Step 1: Establishing Ground Truth on Each Server
Before touching the AI pipeline, I verified the existing pipeline worked end-to-end. This sounds obvious, but it surfaced two bugs that would have wasted days later.
Finding 1: The C binary didn't exist yet.
I had written transcoding_ai.c and assumed it was compiled. It wasn't.
$ ls -la /home/cms/exec/transcoding_ai
ls: cannot access '/home/cms/exec/transcoding_ai': No such file or directory
This was the reason the AI pipeline never fired — PHP called an executable that didn't exist, exec() silently failed, and everything looked fine from the CMS.
# Compile on 227 server
cd /home/cms/exec/
gcc -o transcoding_ai transcoding_ai.c \
$(mysql_config --cflags --libs) \
-lm
chmod +x transcoding_ai
Note: I initially tried -lcurl since the C code makes HTTP requests. This failed with /usr/bin/ld: cannot find -lcurl. The fix was realizing that the code used popen() to invoke curl as a shell command — not libcurl as a linked library. -lcurl was never needed.
Finding 2: The wrong server was being targeted.
The ASP layer assigns content to either server T1 (227) or T2 (226) based on load balancing:
If transcoder1_count < transcoder2_count Then
transcoder_kind = "T1"
transcoder_url = "http://192.168.1.227/transcoding_ai.php"
Else
transcoder_kind = "T2"
transcoder_url = "http://192.168.1.226/transcoding_ai.php"
End If
I had been SSH'd into 226 looking for logs while the actual traffic was hitting 227. The MySQL job table on 226 showed nothing because no jobs had been routed there. Once I checked the transcoder_kind column in MSSQL for the test content, the correct server was immediately obvious.
Lesson: Always verify which physical server is actually handling a request before assuming the code is wrong.
Step 2: The $cms_rows < 3 Deadlock
After compiling the binary and confirming the correct server, the pipeline still didn't fire. Checking the MySQL queue:
mysql -u cms -pcms cms -e \
"SELECT COUNT(*) as running FROM cms WHERE status='Y';"
# → 3
The existing queue guard was blocking everything:
$cms_sql = "SELECT idx FROM cms WHERE status = 'Y'";
$cms_rows = mysqli_num_rows(mysqli_query($mysqlCon, $cms_sql));
if ($cms_rows < 3) { // 3 < 3 = FALSE
exec($shell_exec); // Never reached
}
The two Linux servers were actively encoding HD video — a job that takes 30–60 minutes. The status='Y' counter stayed at 3, permanently blocking any new jobs, including the MP3 AI job.

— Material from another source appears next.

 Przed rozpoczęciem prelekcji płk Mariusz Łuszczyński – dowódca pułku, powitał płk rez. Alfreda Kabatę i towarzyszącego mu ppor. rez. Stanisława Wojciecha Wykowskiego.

My first fix was wrong: I added a direct curl call from PHP to the Python API, bypassing the C binary entirely. This appeared to work — the Python API received the request — but the MP3 download failed with a 404. The CDN URL didn't exist yet because the C binary hadn't run ffmpeg to produce the MP3 file.
❌ Wrong flow:
PHP → Python API immediately → curl CDN URL → 404 (file doesn't exist yet)
✅ Correct flow:
PHP → C binary → ffmpeg MP3 encoding → FTP to CDN → Python API → CDN URL exists
The fix was to understand what the queue guard was actually protecting. It existed for CPU-intensive HD video encoding. MP3 extraction is audio-only (-vn flag, no video codec) and runs in a fraction of the time. The guard should never have applied to it.

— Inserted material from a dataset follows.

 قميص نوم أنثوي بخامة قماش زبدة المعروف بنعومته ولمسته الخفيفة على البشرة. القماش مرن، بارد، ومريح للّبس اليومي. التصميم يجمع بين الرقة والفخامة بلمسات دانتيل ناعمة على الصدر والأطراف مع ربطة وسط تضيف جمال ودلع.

// Final logic: two separate code paths
if (substr($output_filename, -4) === '.mp3' && $ai_learn_YN === 'Y') {
// MP3 + AI: always run, regardless of queue depth
$shell_exec = "/home/cms/exec/transcoding_ai $list_idx $mp3_url $output_filename > /dev/null &";
exec($shell_exec, $out, $err);
} else if ($cms_rows < 3) {
// Video/other: respect queue limit
$mp3_url = "not_mp3";
$shell_exec = "/home/cms/exec/transcoding_ai $list_idx $mp3_url $output_filename > /dev/null &";
exec($shell_exec, $out, $err);
}
Step 3: PM2 Port Collision
While debugging, I had started the Python server using PM2 for persistence. This introduced a subtle problem: PM2 was holding port 8001 even after I started the server manually in a separate terminal.
$ pm2 list
┌────┬─────────────┬──────┬──────┬──────────┐
│ 0 │ sermon-api │ fork │ 3 │ stopped │ ← ghost process
│ 1 │ sermon-api │ fork │ 0 │ online │ ← memory: 4.1mb (wrong)
└────┴─────────────┴──────┴──────┴──────────┘
The 4.1mb memory figure was the tell — a properly loaded Python server with Whisper imports should use 40–50mb minimum at idle. The PM2 process was a zombie that had claimed the port but wasn't actually running the Flask app.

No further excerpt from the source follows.